Your objective:
The records follow. Transcribe only the lines from the line containing "เมื่อวันที่ 22 พฤศจิกายน" through the end, both ends included, and leave out the pictures.

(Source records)
********************

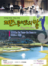 ○…파인힐스CC(대표이사 김헌수)가 7일과 8일 주말 이틀간 오후 7시부터 클럽 로비라운지와 파인코스 1번 티잉그라운드에서 서울팝스오케스트라를 초청해 ‘재즈 콘서트의 밤(사진)’을 연다. 이날은 퍼팅그린도 개방해 가족이 퍼팅 대결을 할 수 있고 다양한 먹을거리 장터도 마련한다고. 061-750-9000
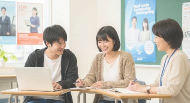 ・キャリア支援スタッフが面接練習や履歴書作成など、就職準備に向けた基礎サポートを実施
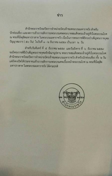 เมื่อวันที่ 22 พฤศจิกายน 2559 สำนักพระราชวัง ระบุว่า ในวันที่ 1-2 ธันวาคม 2559 จะมีการปิดจำหน่ายบัตรเข้าชมพระบรมมหาราชวัง สำหรับนักท่องเที่ยว และงดเข้าถวายสักการะพระบรมศพ พระบาทสมเด็จพระปรมินทรมหาภูมิพลอดุลยเดช ที่พระที่นั่งดุสิตมหาปราสาท เนื่องจากมีพระราชพิธี ทรงบำเพ็ญพระราชกุศล ปัญญาสมวาร (50 วัน)
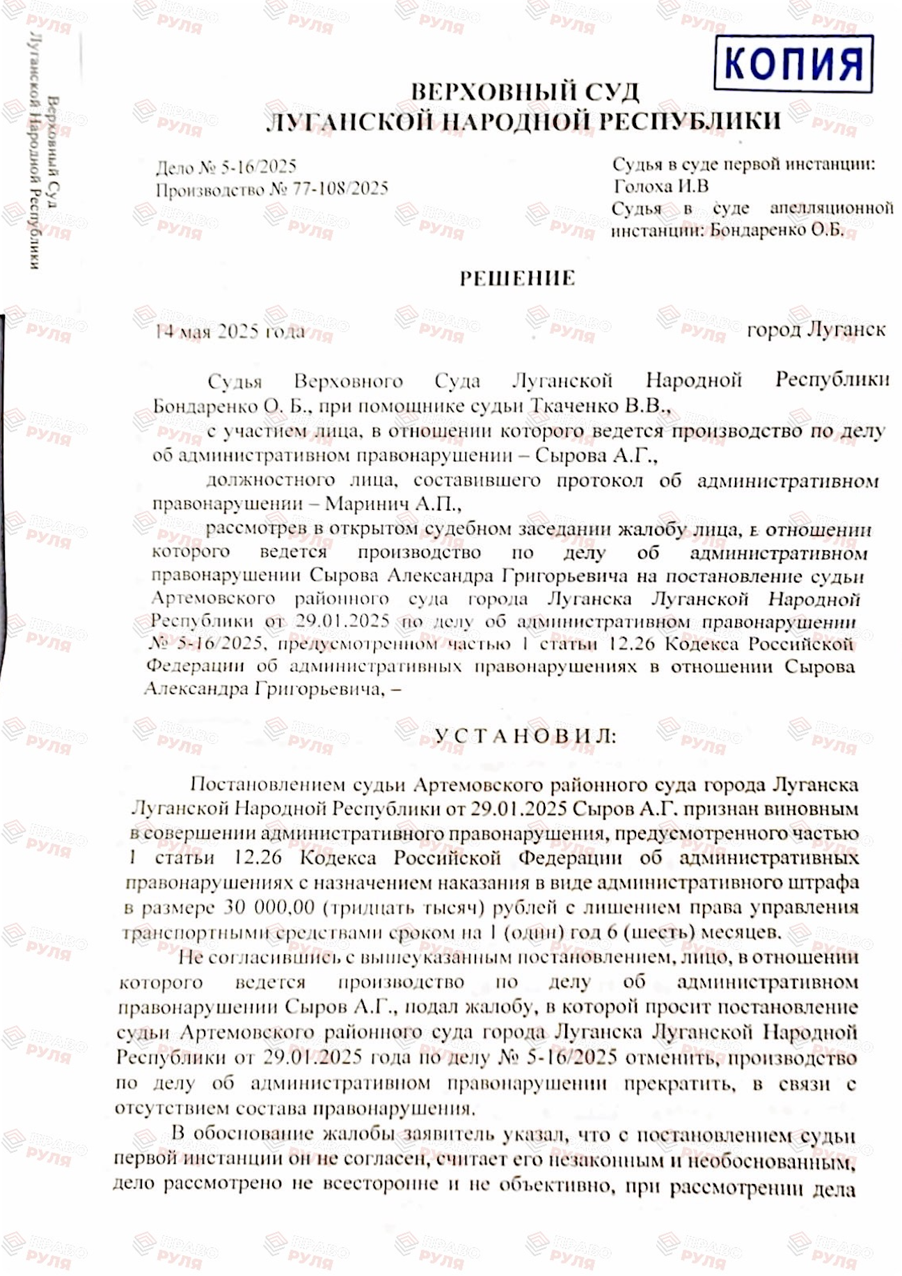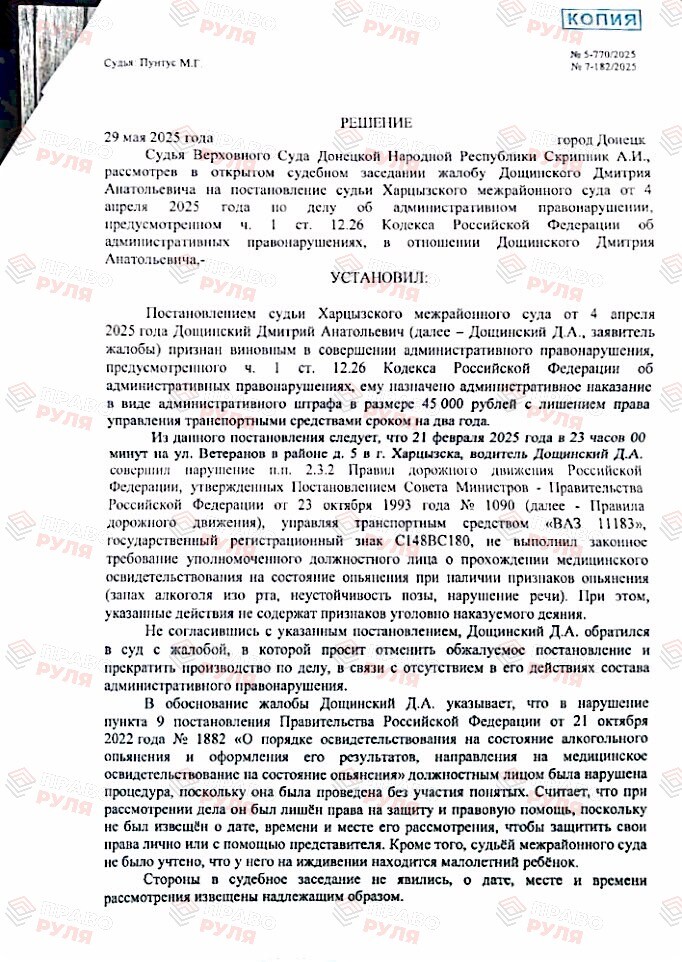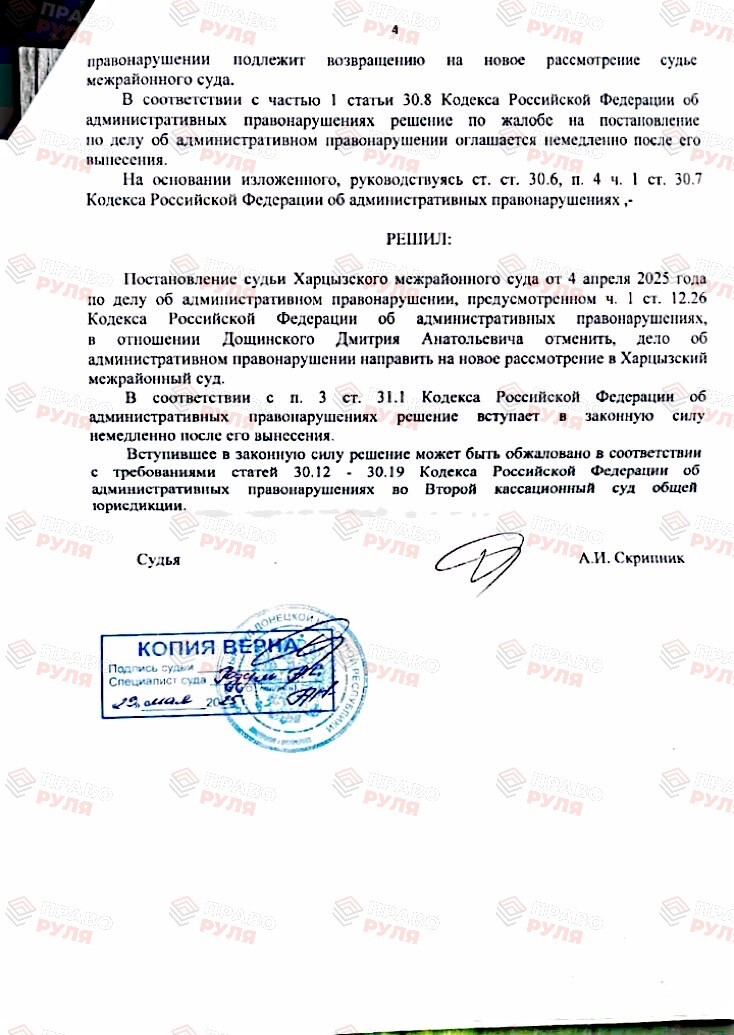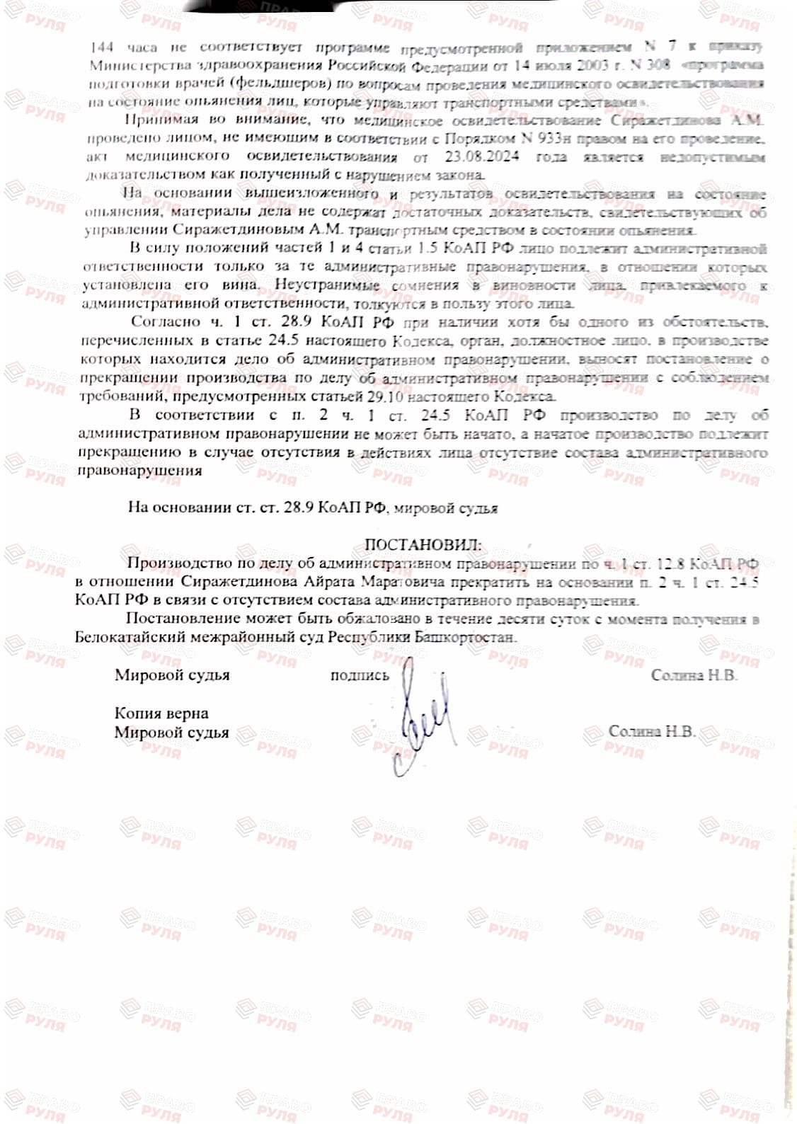 Клиент обратился 9 июля 2023 года в юридическую компанию Право Руля сразу после совершения правонарушения. Юристом оперативно был проведен анализ ситуации и выявлены нарушения инспектора ДПС в процедуре отстранения, а также в порядке прохождения мед. освидетельствования. При таких обстоятельствах привлечения лица к ответственности было незаконным. Суд 1ой инстанции встал на сторону клиента и признал его невиновным. Подробнее: в тексте решения.
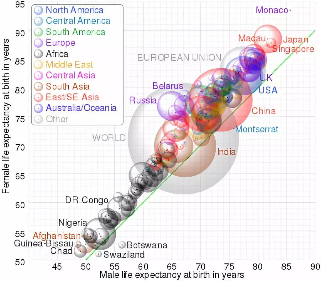各区域男女预期寿命对比(来源:美国中央情报局)

********************

Task output:
 เมื่อวันที่ 22 พฤศจิกายน 2559 สำนักพระราชวัง ระบุว่า ในวันที่ 1-2 ธันวาคม 2559 จะมีการปิดจำหน่ายบัตรเข้าชมพระบรมมหาราชวัง สำหรับนักท่องเที่ยว และงดเข้าถวายสักการะพระบรมศพ พระบาทสมเด็จพระปรมินทรมหาภูมิพลอดุลยเดช ที่พระที่นั่งดุสิตมหาปราสาท เนื่องจากมีพระราชพิธี ทรงบำเพ็ญพระราชกุศล ปัญญาสมวาร (50 วัน)
 Клиент обратился 9 июля 2023 года в юридическую компанию Право Руля сразу после совершения правонарушения. Юристом оперативно был проведен анализ ситуации и выявлены нарушения инспектора ДПС в процедуре отстранения, а также в порядке прохождения мед. освидетельствования. При таких обстоятельствах привлечения лица к ответственности было незаконным. Суд 1ой инстанции встал на сторону клиента и признал его невиновным. Подробнее: в тексте решения.
各区域男女预期寿命对比(来源:美国中央情报局)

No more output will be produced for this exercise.